Recently, I read the book Cosmos, by the genius Carl Sagan. In one passage, he explains the theory of natural evolution and artificial evolution.

The natural evolution of species occurs when environmental factors end up favoring individuals with certain characteristics over others, so that the former tend to survive and produce more offspring than those in the latter group.

Artificial evolution, on the other hand, is induced by human action. Carl Sagan gives an interesting example:

Crabs in a certain region of Japan have markings on their shells that resemble a human face, and this has a curious explanation. In that region, many boats carrying samurai were shipwrecked. Fishermen believed that crabs with those markings on their shells carried the spirits of the drowned samurai, and therefore returned those crabs to the sea. Crabs that did not have the markings were normally captured, causing, through human influence, a particular lineage of crabs to become predominant over the others.

Okay, but let’s talk about Marketing.

Until some time ago, I believed that for Google and other search engines to recognize a domain as an authority on a given subject, prioritizing it in search results, it was important to have many articles and pages with the keywords of interest (those we want to appear for in searches). As I progressed in my studies and practical experiments, I realized that this strategy can lead to redundant and often shallow content.

Once Google understands the central topic of a website/domain,the best thing to do is to increasingly deepen the content, making the most important pages much more complete than those of competitors and adding internal links to complementary pages that are connected in a coherent and organized way.

But how do we know which pages and keywords deserve an investment of time and effort so that the content can be enriched with greater depth and/or complementary pages?This is where the theory of evolution comes into play!

The “environment” we want to optimize our content for is Google, and it gives excellent clues about which characteristics should be predominant. We can start by exporting the detailed report that Google Search Console provides.

Google Search Console Report
Google Search Console Report

In this report, under the “queries” tab, it is possible to see impressions, clicks, and the position our domain holds for certain keywords of interest.
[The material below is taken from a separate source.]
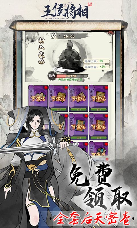 爆爽竖版水墨风放置割草手游-《王侯将相(0.1折全密卷无限648)》震撼来袭!游戏全场永久0.1折,无限永久领648真充卡,可激活全SVIP和全等级霸服商城!创角自提无级别红装套,免费领取全套后天密卷,更有百倍返利免费激活!泼天福利,放置玩法,不肝不氪,同样能给你带来超爽的游戏体验!快来一起激情打宝,快意江湖吧!

Google Search Console Report
Queries Table

Now, notice what is highlighted in red. These keywords had a very high number of impressions even though they were very poorly positioned (second or third page of Google).

This means there is strong demand for this content! If we manage to rank it better, the number of visitors to the site will likely grow exponentially.

Based on this information that the environment (Google) has given us, we should evolve pages related to topics that have a high number of impressions (high demand) so they don’t die (remain unseen).

Wow, isn’t this pure Darwinian theory applied to content strategy?!

Pages that adapt to demand survive. Pages that don’t, disappear.

Now think with me:

This parallel I tried to draw between the theory of species evolution and SEO optimization can actually be extended to almost any subject. The truth is that positive and consistent results, in any imaginable context, are generally the result of repeated iterations. After each iteration, we should take what works and double down on it. This is what tends to leverage positive results in an increasingly accelerated way (compound interest in action).

And what about what doesn’t work?It needs to go through variations until it reaches a form that works better within the given environment.